Scenariusz znany z niedawnego filmu "Czerwona jaskółka" został ujawniony w środę w rządowym memorandum, które przedstawiło powody, dla których prokuratura uważa, że 29-letnia powinna pozostać w areszcie do czasu procesu.
W czasie środowego przesłuchania przed sądem federalnym Butina nie przyznała się do bycia niezarejestrowanym zagranicznym agentem wpływu. Decyzją sądu pozostanie w areszcie.
Adwokat Butiny powiedział, że jego klientka, która przyjechała do USA w 2016 roku na podstawie wizy studenckiej, pozostanie na terenie Stanów Zjednoczonych. Jednak prokuratorzy argumentowali, że jest zbyt duże ryzyko, przy braku korzeni w Ameryce i silnych powiązaniach z rosyjskim wywiadem, że będzie próbowała uciec.
W dokumentach sądowych prokuratorzy stwierdzili, że jej jedynym związkiem z USA jest "osobisty związek" z niezidentyfikowanym Amerykaninem, którym - jak twierdzi "Washington Post" - Paul Erickson, aktywista NRA, którego nazwisko już w styczniu pojawiło się w doniesieniach o wpływie Rosji na wybory w USA. "New York Times" pisał w styczniu, że Erickson w maju 2016 roku, podczas kampanii wyborczej Donalda Trumpa, pisał do jednego z doradców wyjaśniając, że "utrzymuje nieformalną łączność z Kremlem prezydenta Putina" i proponując swoje pośrednictwo w zorganizowaniu spotkania z przedstawicielem Rosji w trakcie ogólnokrajowej konwencji NRA w Louisville.
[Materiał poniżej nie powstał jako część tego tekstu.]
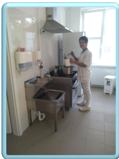
A megújult konyha

Az ősz beköszöntével nemcsak az iskolapadok teltek meg újra, benépesedett az óvoda is. Ebben az évben 32 gyermek veszi igénybe az óvodai ellátást. A kiscsoportosok száma 12 fő. Az első hetekben nagy hangsúlyt kapott az ismerkedés. Nemcsak egymással, hanem az óvoda helyiségeivel, szokásaival, az óvoda dolgozóival. Megismerték a napirendet, a szabályokat, amelyekhez szép lassan hozzászoktak. Igyekeztünk, hogy minél hamarabb kialakuljon a bizalom, ami majd mindenféle ismeretátadásnak az alapja lesz. Mindenki másképp élte meg ezt a helyzetet. Volt, aki élvezte az új helyet, az új játékokat, volt olyan, aki a galéria alá bújt, és csak szemlélődött, várt és sírdogált. Előbb-utóbb minden gyerek rádöbben, hogy most már itt, az óvodában tölti a napok nagy részét. Minden reggel, az elköszönés után fon-
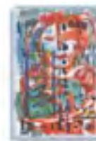
Aprenda a organizar actividades
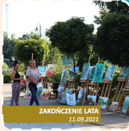
ZAKOŃCZENIE LATA 11.09.2021

Jednak prokuratorzy zaznaczają, że relacja Butiny z Ericksonem była "obłudna", sugerując, że w istocie nie była ona zainteresowana samym mężczyzną, a wykorzystywała go do realizacji swoich celów. "Wydaje się, że Butina traktuje to (związek) jako po prostu konieczny aspekt swoich działań" - mówi notatka prokuratorów.